Records for processing START
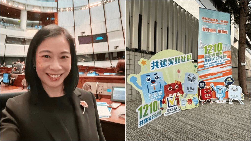 ▲选委界立法会议员陈曼琪支持政府向投票选民赠送心意谢卡、并在投票站旁设“打卡位”的做法。
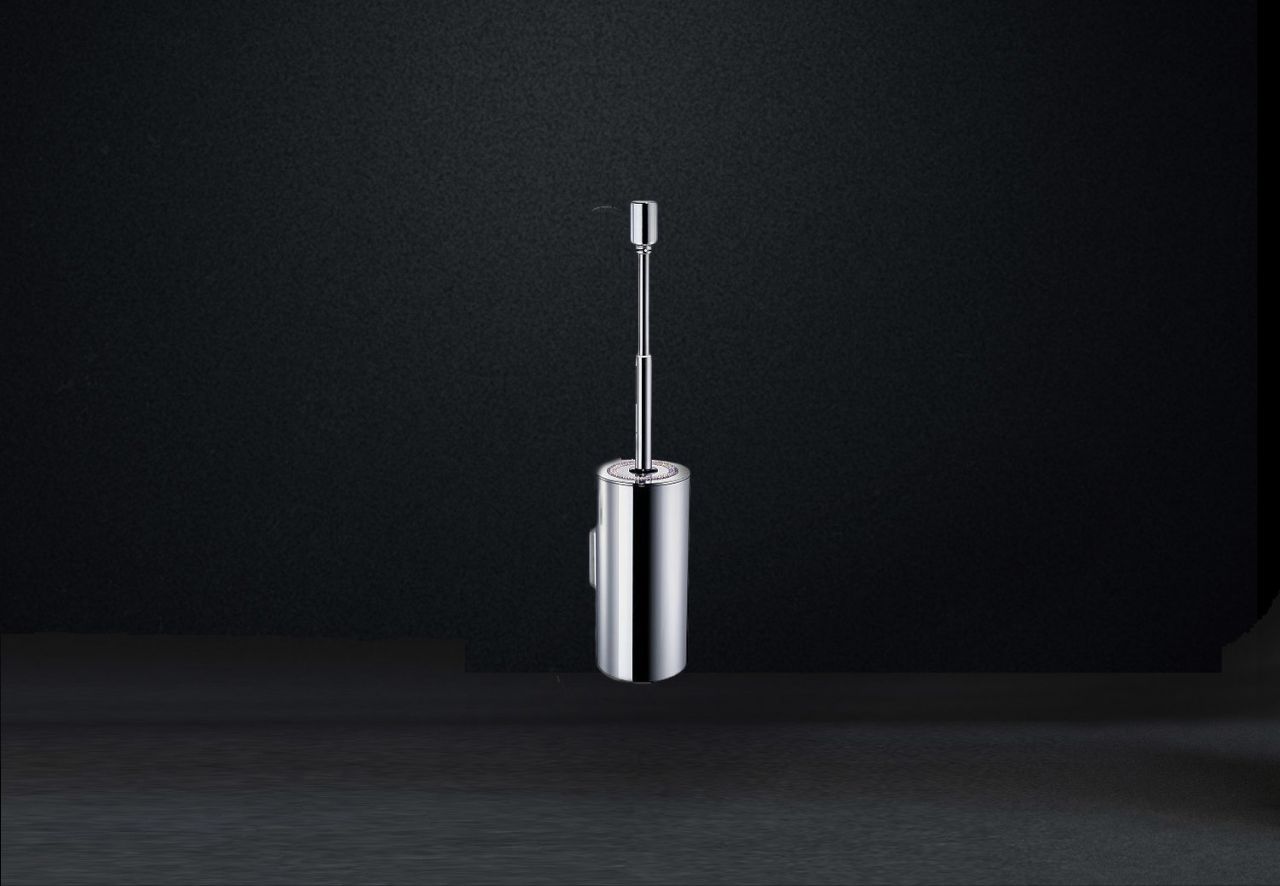 Wall mounted round toilet brush with a telescopic handle with 3 lines of Swarovski crystals placed on top of the base, is made of solid brass and available in chrome (89275-CR) or a 24-karat gold-plated finish (89275-O).
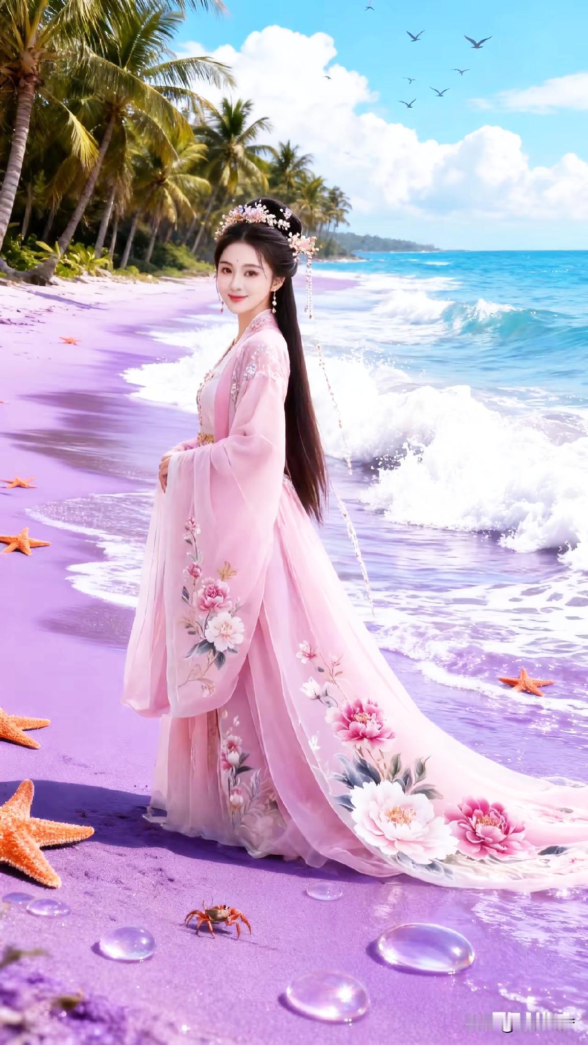 温柔甜美的古风美人,粉嫩背景下的优雅气质
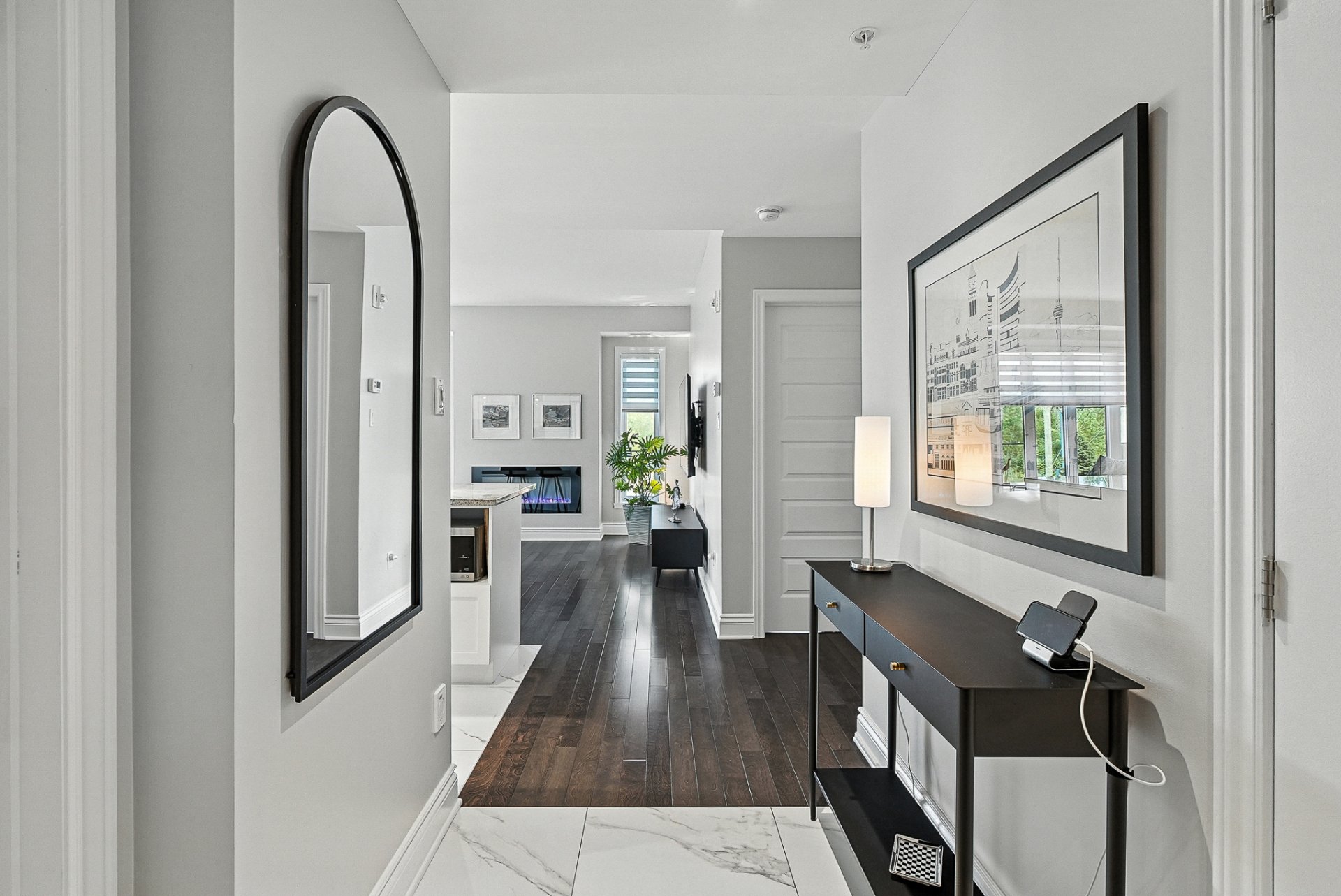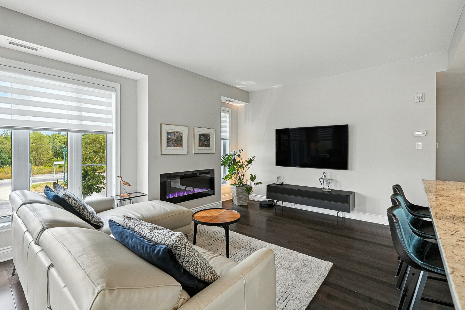 - Un salon lumineux agrémenté d'un foyer électrique
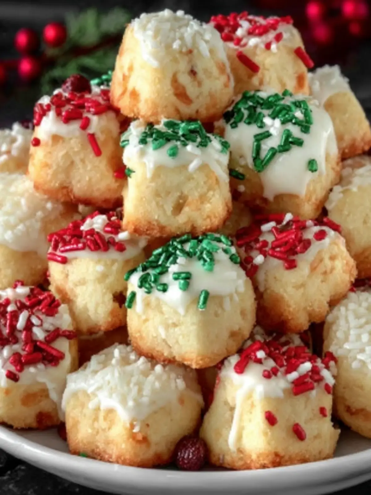 Holiday Sprinkles: A festive mix of colorful sprinkles transforms these cookies into cheerful bites that brighten any celebration. Choose your favorite blend for an extra touch of holiday spirit.
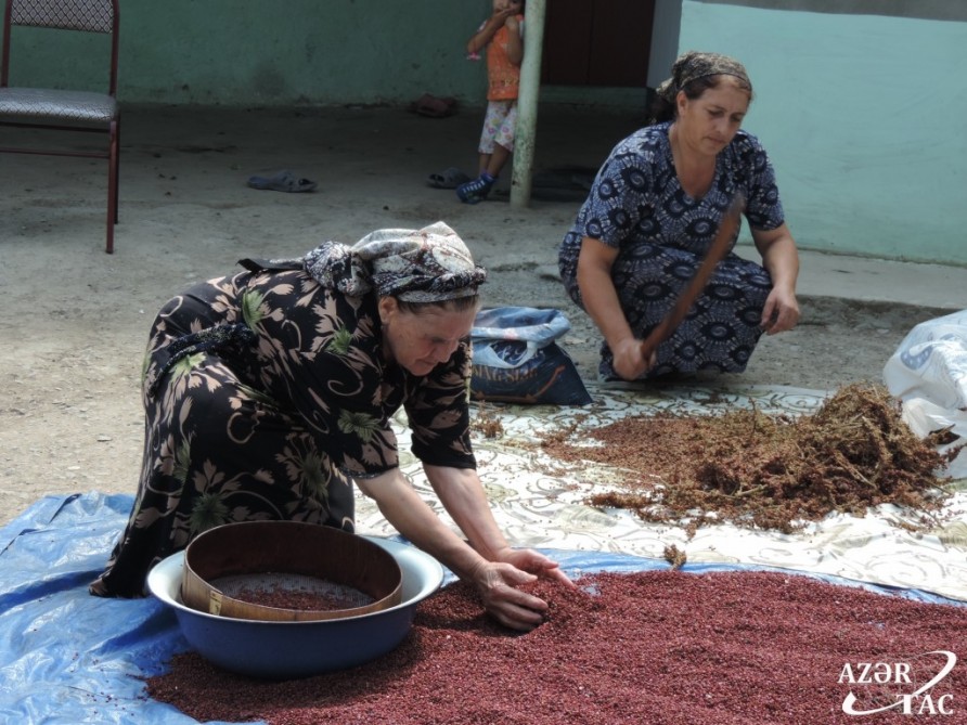 “Sumaq ağacdan yığıldıqdan sonra bir müddət qurudulur. Sonra həmin xammal döyülür və meyvələr zoğdan ayrılır. Meyvələr ikinci dəfə tam quruyanadək saxlanıldıqdan sonra yenidən emal olunur. Bunun üçün meyvələr xüsusi torbalara doldurularaq toxumlarından ayrılanadək əzilir. Əldə edilən məhsul ələkdən keçirildikdən sonra hazır vəziyyətə gəlir” - deyə Nəsibə Həlimova AZƏRTAC-ın bölgə müxbirinə müsahibəsində deyib.
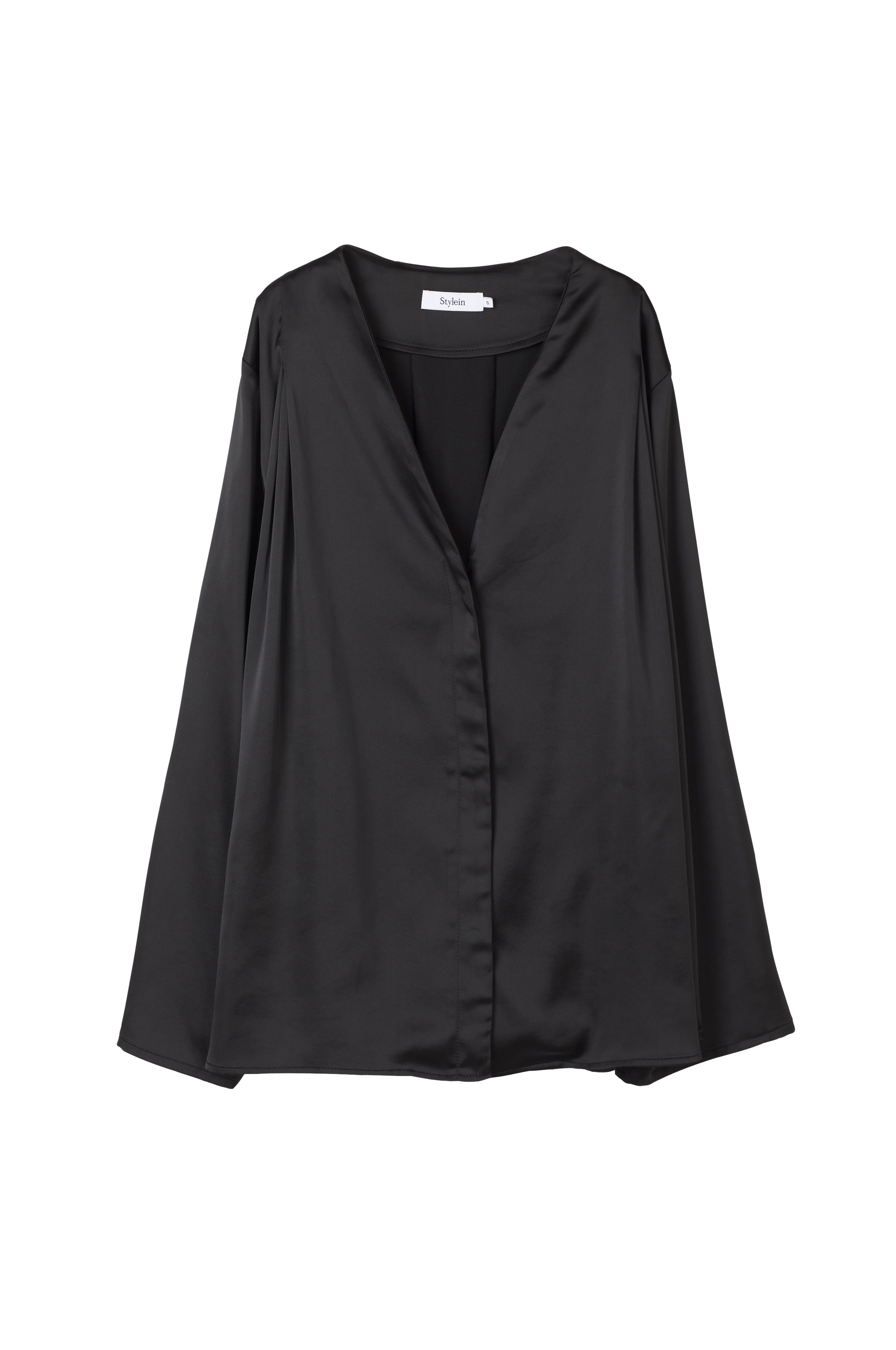 • Langermet bluse i sateng med v-formet hals
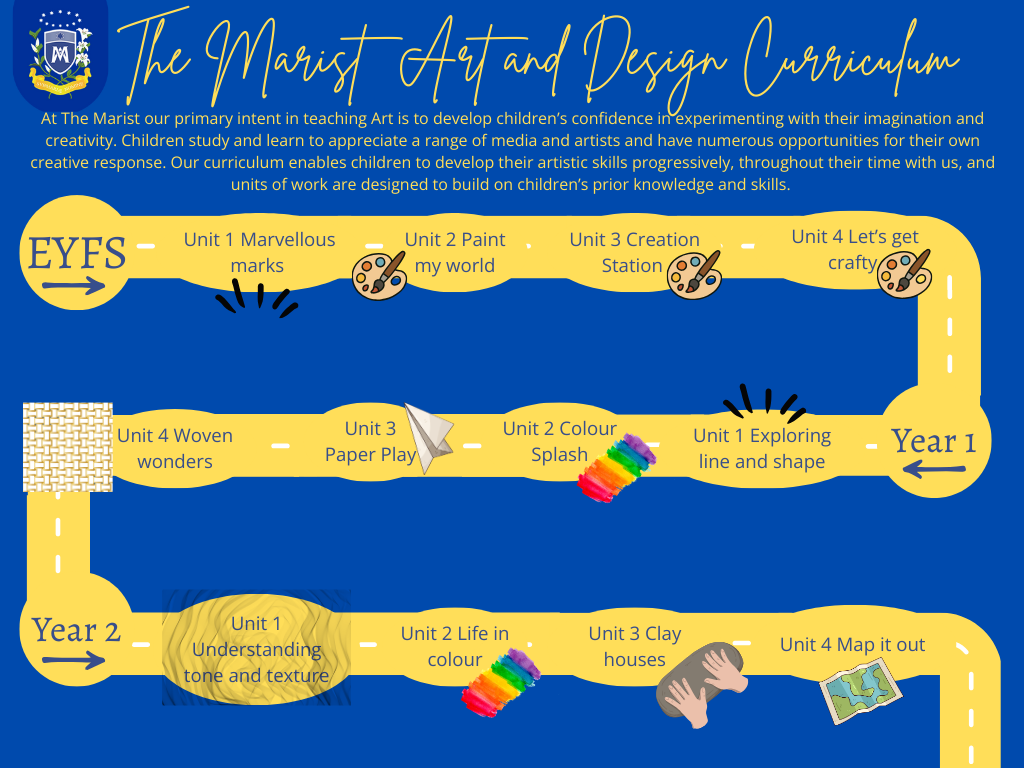 At The Marist our primary intent in teaching Art is to develop children’s confidence in experimenting with their imagination and creatvity. Children study and learn to appreciate a range of media and artists and have numerous opportunities for their own creative response. Our curriculum enables children to develop their artistic skills progressively, throughout their time with us, and units of work are designed to build on children’s prior knowledge and skills.
Records for processing END
Apart from the pictures, the entries above are to be repeated in full and exactly.

▶ Result for this exercise:
 ▲选委界立法会议员陈曼琪支持政府向投票选民赠送心意谢卡、并在投票站旁设“打卡位”的做法。
 Wall mounted round toilet brush with a telescopic handle with 3 lines of Swarovski crystals placed on top of the base, is made of solid brass and available in chrome (89275-CR) or a 24-karat gold-plated finish (89275-O).
 温柔甜美的古风美人,粉嫩背景下的优雅气质
 - Un salon lumineux agrémenté d'un foyer électrique
 Holiday Sprinkles: A festive mix of colorful sprinkles transforms these cookies into cheerful bites that brighten any celebration. Choose your favorite blend for an extra touch of holiday spirit.
 “Sumaq ağacdan yığıldıqdan sonra bir müddət qurudulur. Sonra həmin xammal döyülür və meyvələr zoğdan ayrılır. Meyvələr ikinci dəfə tam quruyanadək saxlanıldıqdan sonra yenidən emal olunur. Bunun üçün meyvələr xüsusi torbalara doldurularaq toxumlarından ayrılanadək əzilir. Əldə edilən məhsul ələkdən keçirildikdən sonra hazır vəziyyətə gəlir” - deyə Nəsibə Həlimova AZƏRTAC-ın bölgə müxbirinə müsahibəsində deyib.
 • Langermet bluse i sateng med v-formet hals
 At The Marist our primary intent in teaching Art is to develop children’s confidence in experimenting with their imagination and creatvity. Children study and learn to appreciate a range of media and artists and have numerous opportunities for their own creative response. Our curriculum enables children to develop their artistic skills progressively, throughout their time with us, and units of work are designed to build on children’s prior knowledge and skills.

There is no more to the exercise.